Prompt
Return only the lines from the one that contains "孟乍隆 乌汶府茉莉香米 泰国香米 进口大米 籼米 长粒米 家庭装20斤" through the last line of the records below, exactly as they stand. Pictures are not part of the copy.

Data for this task
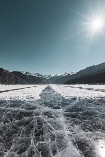 冬天的瑶池,人们行走在仙境上面,仿佛梦回瑶池盛会
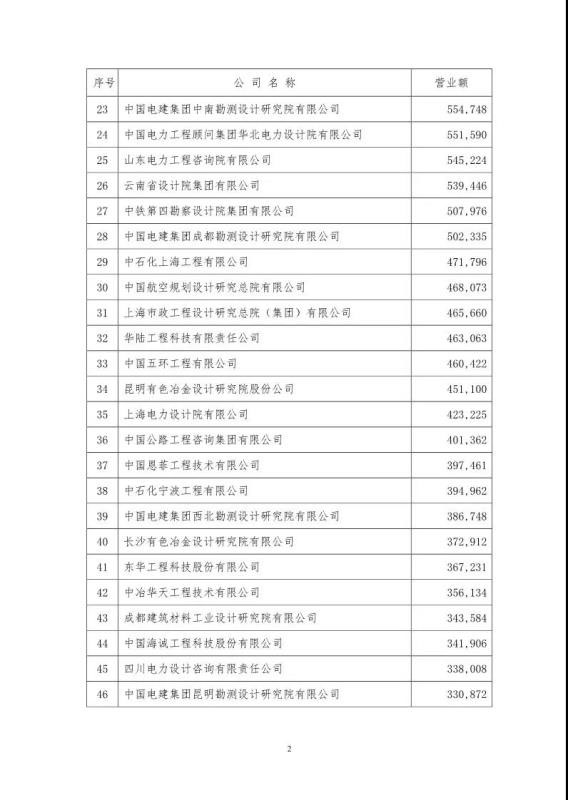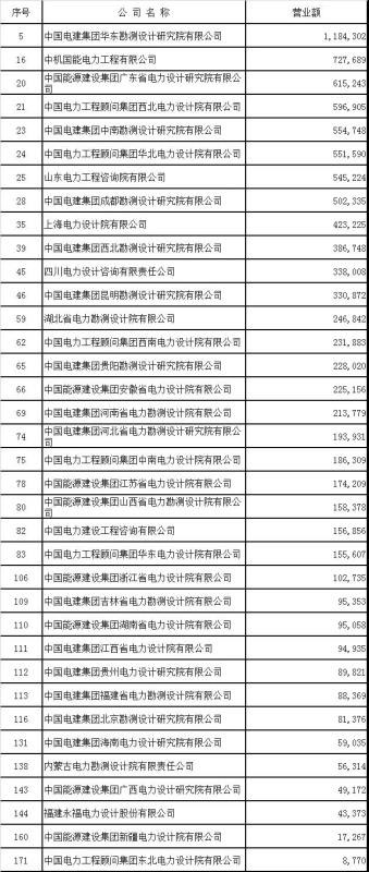 根據(jù)相關(guān)數(shù)據(jù),對電力設(shè)計院排名進行了摘錄,表中營業(yè)額為企業(yè)2018年1月1日至2018年12月31日境內(nèi)外工程總承包營業(yè)額,序號為原表的全行業(yè)累加排序,僅供參考。詳情如下:
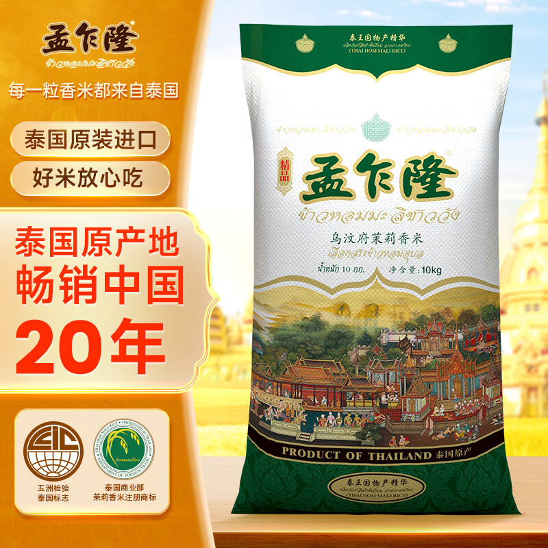 孟乍隆 乌汶府茉莉香米 泰国香米 进口大米 籼米 长粒米 家庭装20斤
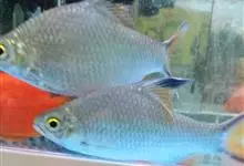 泰国鲫,Barbonymus schwanenfeldii ,鲤科高体鲃属的一种鱼类。喜欢在水的中层游动,行动敏捷、具群游性 体型似普通的鲫鱼,幼鱼没有色彩,而成鱼则银鳞闪闪,…全部>>
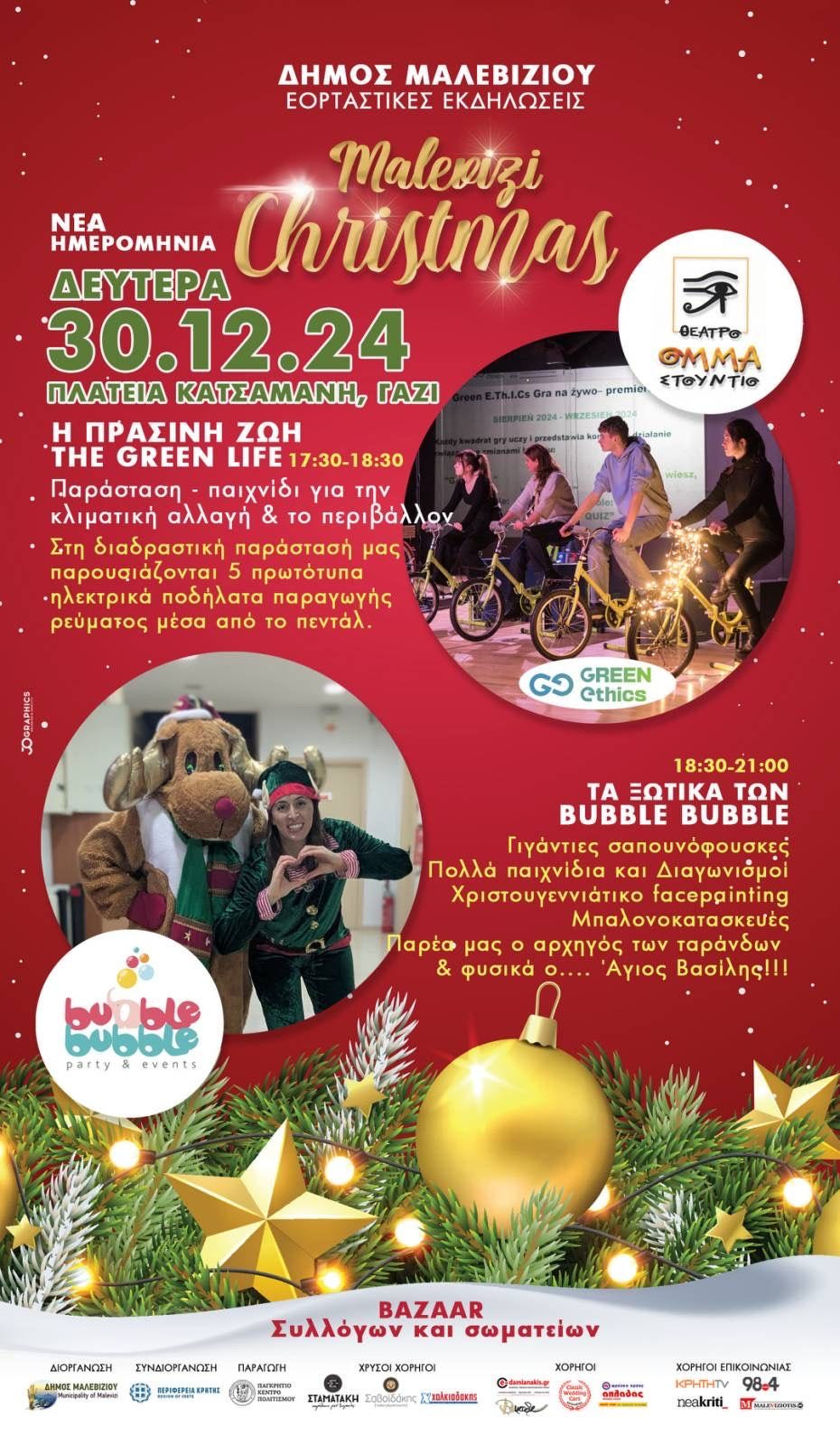 Τα χαρούμενα ξωτικά θα γεμίσουν την πλατεία με ζωντάνια, προσφέροντας παιχνίδια, διαγωνισμούς, face painting και μπαλονοκατασκευές που θα χαρίσουν χαμόγελα και αξέχαστες στιγμές.

Answer for the task
 孟乍隆 乌汶府茉莉香米 泰国香米 进口大米 籼米 长粒米 家庭装20斤
 泰国鲫,Barbonymus schwanenfeldii ,鲤科高体鲃属的一种鱼类。喜欢在水的中层游动,行动敏捷、具群游性 体型似普通的鲫鱼,幼鱼没有色彩,而成鱼则银鳞闪闪,…全部>>
 Τα χαρούμενα ξωτικά θα γεμίσουν την πλατεία με ζωντάνια, προσφέροντας παιχνίδια, διαγωνισμούς, face painting και μπαλονοκατασκευές που θα χαρίσουν χαμόγελα και αξέχαστες στιγμές.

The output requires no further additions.